One-call audit of the most common identification assumptions:

audit = sp.assumption_audit(df, outcome='y', treatment='d', covariates=[...])
audit.overlap                        # propensity score overlap diagnostic
audit.covariate_balance              # Love plot of standardised diffs
audit.placebo_outcomes               # pre-treatment placebos
audit.instrument_strength            # first-stage F if IV specified
audit.parallel_trends                # pre-trend placebo if DID
audit.summary()

sp.verify / sp.verify_benchmark (v0.9.3)

Posterior verification of any sp.recommend() output — aggregates three signals into a verify_score ∈ [0, 100]:

v = sp.verify(
    rec,
    n_boot=500,
    n_subsample=100,
    subsample_frac=0.8,
    n_placebo=20,
)

v.verify_score                       # 0–100 composite
v.components                         # dict: bootstrap / placebo / subsample
v.failures                           # methods that failed verification
v.plot('radar')                      # visual per-method breakdown

Calibration card: top-method verify_score is typically 85–95 on clean DGPs (RD lower at ≈ 74 due to local-polynomial bootstrap variance). sp.verify_benchmark(...) runs verify against synthetic DGPs to calibrate what threshold constitutes "trust it".

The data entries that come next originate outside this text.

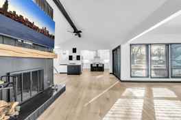 Welcome to this fully renovated raised ranch home, sitting on almost an acre lot in a peaceful wooded setting. Meticulously renovated in 2022, this home perfectly blends modern design with functionality. Featuring 3 spacious bedrooms, a den/office space, and 3.5 luxurious bathrooms, every inch of the property has been thoughtfully transformed with high-end finishes and attention to detail. The open-concept floor plan creates a seamless flow throughout the home, with stunning white oak floors adding warmth and elegance, and large windows bringing in an abundance of natural light. The custom kitchen is a chef's dream, featuring top-of-the-line Bosch appliances, double oven, wine fridge, built in stove, sleek countertops, custom crafted cabinetry, etc. Step outside to the deck from the kitchen to enjoy morning coffee or hosting summer cookouts while listening to the peaceful sounds of nature. The kitchen opens into a large living and dining area, making it ideal for both casual gatherings and formal entertaining. The Great Room is highlighted by a cozy gas-start fireplace, vaulted ceilings, and a wall of windows that bring the beauty of the outdoors inside. The master bedroom is a true retreat, offering ample space and picturesque views. The beautifully designed en-suite bathroom features high-end fixtures and finishes, including a dual vanity and a walk-in shower. Custom closets throughout the home provide optimal storage and organization. An 800 sq ft hidden crawlspace in the master bedroom offers valuable extra storage space. In addition to the main level, there is a second laundry room added, and a loft area overlooks the Great Room, offering a versatile space that can be used as a private home office, an intimate reading nook, or a kids' play area. The finished basement adds incredible value, featuring a large recreation room with a second fireplace, a game room, and a spacious office area. The basement also includes a full bathroom, laundry room, a study, and brand-new carpeting, offering both work and leisure spaces for your lifestyle. For year-round comfort, the home is equipped with two new central heating and cooling units, ensuring optimal climate control throughout. The exterior of the home has been completely re-done with durable Hardy board siding and new gutters with covers. A beautifully renovated brick front walkway completes the stunning siding of this house. The beautifully landscaped yard features water drainage for efficient water management to keep the yard at low maintenance. The property also includes a two-car garage, providing ample space for vehicles and additional storage. Located just minutes from downtown Libertyville, the Metra station, farmers market, shopping, dining, and more, this exceptional home offers the perfect combination of luxury, comfort, and functionality. With its move-in-ready appeal, private wooded setting, and close proximity to everything the area has to offer, this home is truly a one-of-a-kind sanctuary. Home is partially furnished.
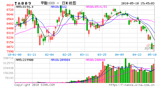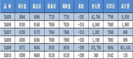 鄭商所主力合約TA1009呈單邊連續(xù)下挫的局勢,開盤價8372,周中一度震蕩走弱,最高8404,最低8030,周五跳空低開后持續(xù)下跌,最終收于8036,周跌306點,持倉量203750手,成交量801434手。
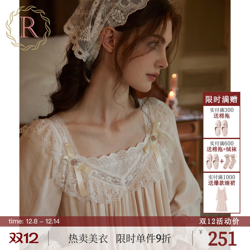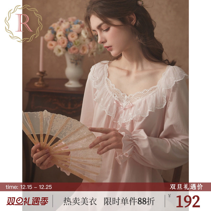 RoseTree宫廷睡裙春秋季女长袖长款蕾丝法式公主风睡衣裙2025新款
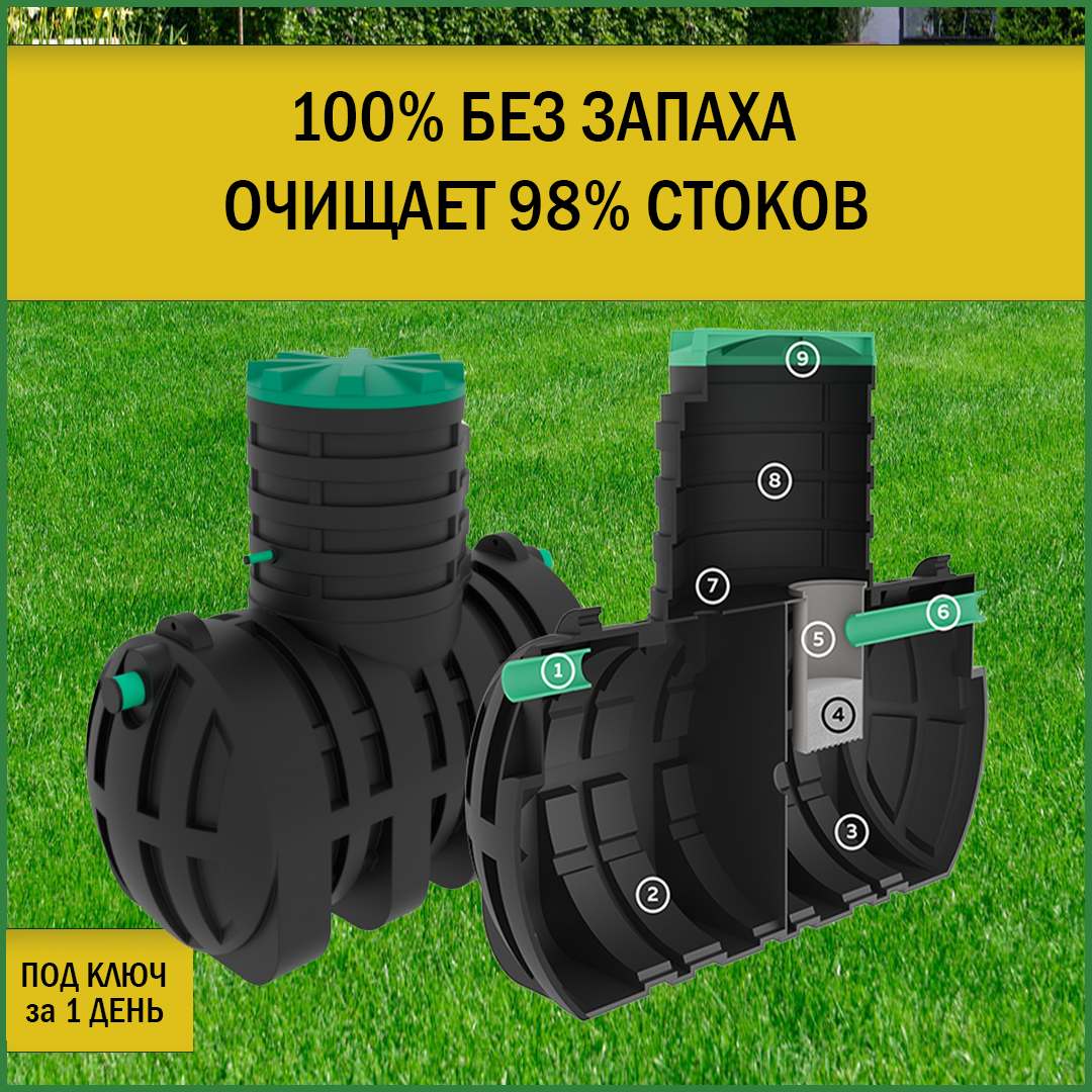 Корпус септика изготовлен из прочного материала, который не ржавеет, не разрушается под действием температур и имеет большую химическую стойкость и поэтому служит более 50 лет.
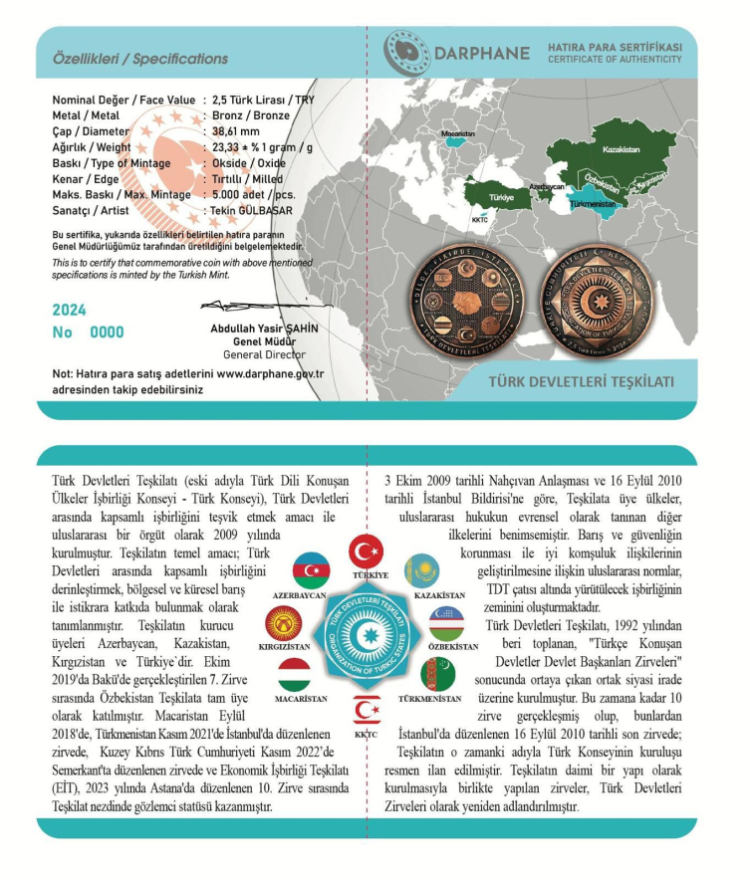 Ülkeler arasında daha güçlü bağların tesisini ve ortak bir gelecek inşasını hedef alan Teşiklat'ın kuruluşunun 15'inci yıl dönümünün geçen ay idrak edildiğini anımsatan Erdoğan, bu yıl dönümüne özel olarak Türk dünyasının yetiştirdiği büyük fikir adamı İsmail Gaspıralı'nın "dilde, fikirde, işte birlik" şiarına yer verdikleri hatıra parasını takdim etmenin mutluluğunu yaşadığını söyledi.
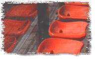 Olympia - Sitzschalen (orange) zum Anschluß an die Stützen der Tragkonstruktion (in Fundamentköcher integriert), Unterkonstruktion feuerverzinkt |

Agent-native method-level API

These functions are guide-friendly, but they are also public API calls used by agents and notebook workflows. Their docstrings are exposed here so the Reference navigation includes method-level details.

sp.detect_design(...)

detect_design

Heuristic study-design detection from a raw DataFrame.

sp.detect_design(data, **hints) answers the agent's first question on receiving unfamiliar data: what kind of dataset is this? — cross-section, panel, or something with an obvious RD running variable.

Distinct from siblings:

  • :func:sp.recommend — needs a research question (outcome, treatment) and recommends an estimator; detect_design only inspects shape.
  • :func:sp.check_identification — diagnoses a specific declared design; detect_design decides which design is plausible at all.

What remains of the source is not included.